━━━━━ Exercise materials ━━━━━

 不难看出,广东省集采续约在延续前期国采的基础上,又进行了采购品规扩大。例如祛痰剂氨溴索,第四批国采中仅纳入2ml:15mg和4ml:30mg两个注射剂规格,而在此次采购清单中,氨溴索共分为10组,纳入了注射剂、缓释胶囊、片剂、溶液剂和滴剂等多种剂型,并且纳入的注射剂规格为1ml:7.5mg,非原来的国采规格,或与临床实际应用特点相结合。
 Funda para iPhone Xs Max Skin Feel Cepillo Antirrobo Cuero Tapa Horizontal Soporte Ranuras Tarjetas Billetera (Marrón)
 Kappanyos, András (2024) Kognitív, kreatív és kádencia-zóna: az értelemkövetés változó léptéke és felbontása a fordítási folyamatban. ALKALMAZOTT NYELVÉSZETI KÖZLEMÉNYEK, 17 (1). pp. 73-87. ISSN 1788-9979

━━━━━
━━━━━ Exercise materials ━━━━━

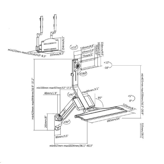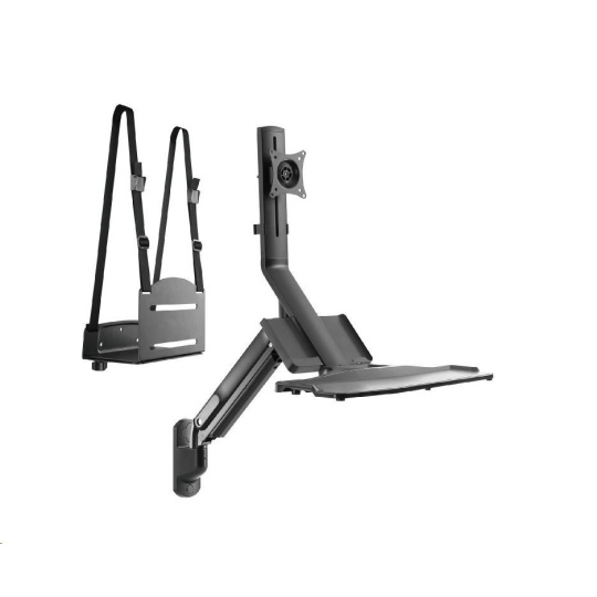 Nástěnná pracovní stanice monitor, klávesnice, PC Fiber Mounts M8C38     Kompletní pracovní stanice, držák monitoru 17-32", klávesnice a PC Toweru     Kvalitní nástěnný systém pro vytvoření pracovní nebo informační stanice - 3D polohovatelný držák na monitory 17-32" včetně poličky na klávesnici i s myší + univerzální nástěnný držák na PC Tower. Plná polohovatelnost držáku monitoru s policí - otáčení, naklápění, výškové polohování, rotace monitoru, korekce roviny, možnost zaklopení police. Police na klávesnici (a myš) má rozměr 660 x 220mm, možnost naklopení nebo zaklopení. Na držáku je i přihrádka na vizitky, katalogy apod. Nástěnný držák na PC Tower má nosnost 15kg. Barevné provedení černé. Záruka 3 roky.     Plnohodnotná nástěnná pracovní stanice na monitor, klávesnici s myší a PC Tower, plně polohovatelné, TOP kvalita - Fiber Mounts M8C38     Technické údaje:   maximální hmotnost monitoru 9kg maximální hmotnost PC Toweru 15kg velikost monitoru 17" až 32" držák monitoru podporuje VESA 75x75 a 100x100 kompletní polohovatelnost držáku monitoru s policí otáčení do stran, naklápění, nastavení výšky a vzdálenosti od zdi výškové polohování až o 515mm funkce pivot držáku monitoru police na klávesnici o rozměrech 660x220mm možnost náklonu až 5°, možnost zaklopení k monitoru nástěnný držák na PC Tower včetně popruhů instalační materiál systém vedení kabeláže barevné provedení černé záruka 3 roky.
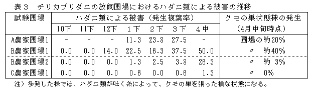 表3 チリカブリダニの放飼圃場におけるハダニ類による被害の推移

━━━━━

■ Work request: Within the data above, repeat exactly the lines from the one bearing "Nástěnná pracovní stanice monitor, klávesnice, PC" through the one bearing "表3 チリカブリダニの放飼圃場におけるハダニ類による被害の推移". Include no pictures and nothing else.

■ Answer for this exercise:
 Nástěnná pracovní stanice monitor, klávesnice, PC Fiber Mounts M8C38     Kompletní pracovní stanice, držák monitoru 17-32", klávesnice a PC Toweru     Kvalitní nástěnný systém pro vytvoření pracovní nebo informační stanice - 3D polohovatelný držák na monitory 17-32" včetně poličky na klávesnici i s myší + univerzální nástěnný držák na PC Tower. Plná polohovatelnost držáku monitoru s policí - otáčení, naklápění, výškové polohování, rotace monitoru, korekce roviny, možnost zaklopení police. Police na klávesnici (a myš) má rozměr 660 x 220mm, možnost naklopení nebo zaklopení. Na držáku je i přihrádka na vizitky, katalogy apod. Nástěnný držák na PC Tower má nosnost 15kg. Barevné provedení černé. Záruka 3 roky.     Plnohodnotná nástěnná pracovní stanice na monitor, klávesnici s myší a PC Tower, plně polohovatelné, TOP kvalita - Fiber Mounts M8C38     Technické údaje:   maximální hmotnost monitoru 9kg maximální hmotnost PC Toweru 15kg velikost monitoru 17" až 32" držák monitoru podporuje VESA 75x75 a 100x100 kompletní polohovatelnost držáku monitoru s policí otáčení do stran, naklápění, nastavení výšky a vzdálenosti od zdi výškové polohování až o 515mm funkce pivot držáku monitoru police na klávesnici o rozměrech 660x220mm možnost náklonu až 5°, možnost zaklopení k monitoru nástěnný držák na PC Tower včetně popruhů instalační materiál systém vedení kabeláže barevné provedení černé záruka 3 roky.
 表3 チリカブリダニの放飼圃場におけるハダニ類による被害の推移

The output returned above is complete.